Instructions for the task —
All records are to be restated word for word, with pictures excluded.

[Opening The data section]

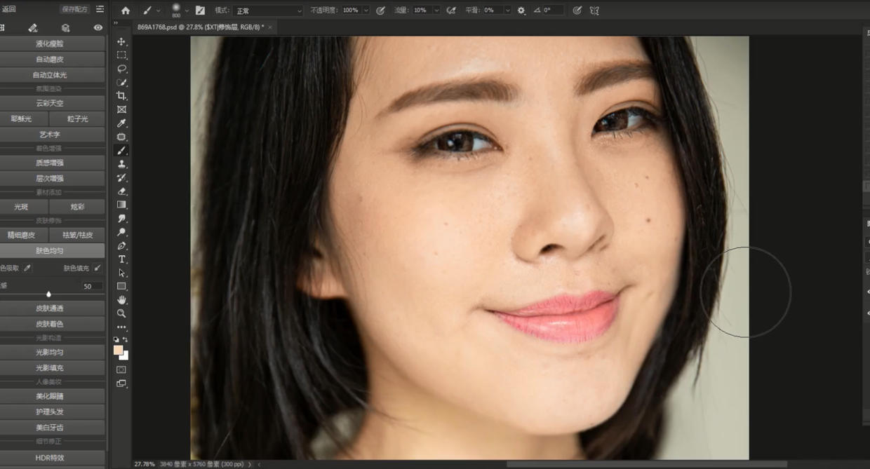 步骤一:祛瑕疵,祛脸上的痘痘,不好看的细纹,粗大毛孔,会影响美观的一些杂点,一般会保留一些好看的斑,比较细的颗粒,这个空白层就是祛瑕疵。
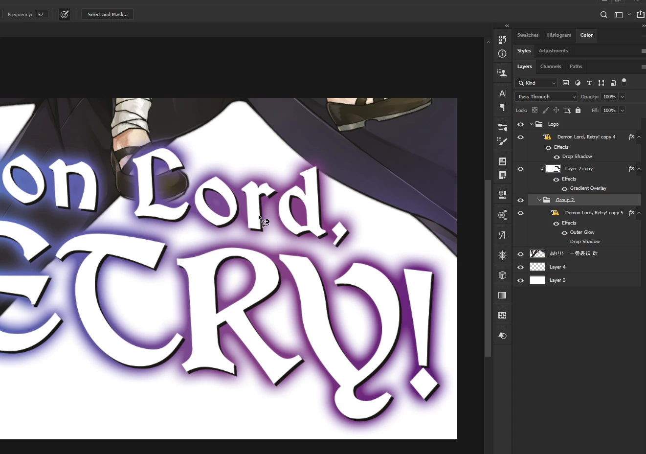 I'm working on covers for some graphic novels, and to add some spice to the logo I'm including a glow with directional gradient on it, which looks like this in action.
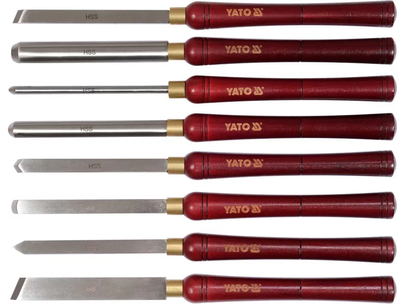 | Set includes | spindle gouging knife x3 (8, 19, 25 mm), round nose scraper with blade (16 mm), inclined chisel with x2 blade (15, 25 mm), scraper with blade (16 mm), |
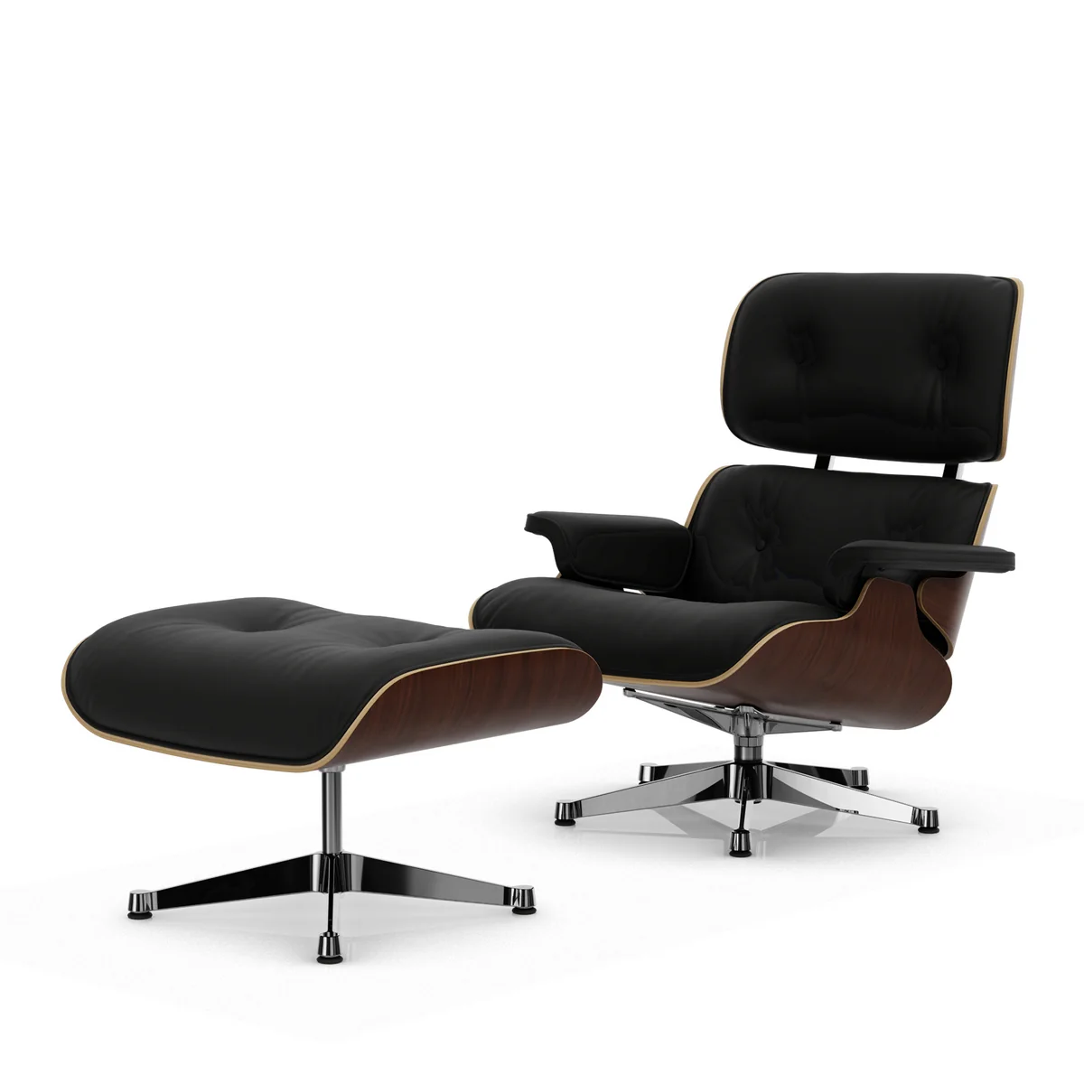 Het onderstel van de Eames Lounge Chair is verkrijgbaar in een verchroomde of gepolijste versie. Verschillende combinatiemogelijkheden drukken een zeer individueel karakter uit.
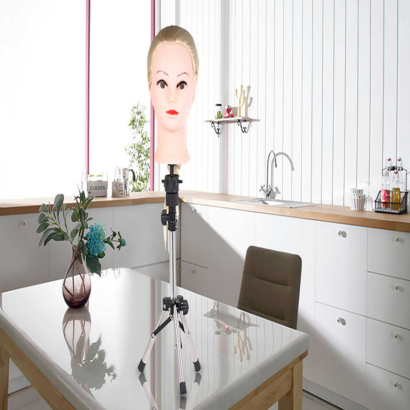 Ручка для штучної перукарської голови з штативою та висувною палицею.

[Closing The data section]

Answer box —
 步骤一:祛瑕疵,祛脸上的痘痘,不好看的细纹,粗大毛孔,会影响美观的一些杂点,一般会保留一些好看的斑,比较细的颗粒,这个空白层就是祛瑕疵。
 I'm working on covers for some graphic novels, and to add some spice to the logo I'm including a glow with directional gradient on it, which looks like this in action.
 | Set includes | spindle gouging knife x3 (8, 19, 25 mm), round nose scraper with blade (16 mm), inclined chisel with x2 blade (15, 25 mm), scraper with blade (16 mm), |
 Het onderstel van de Eames Lounge Chair is verkrijgbaar in een verchroomde of gepolijste versie. Verschillende combinatiemogelijkheden drukken een zeer individueel karakter uit.
 Ручка для штучної перукарської голови з штативою та висувною палицею.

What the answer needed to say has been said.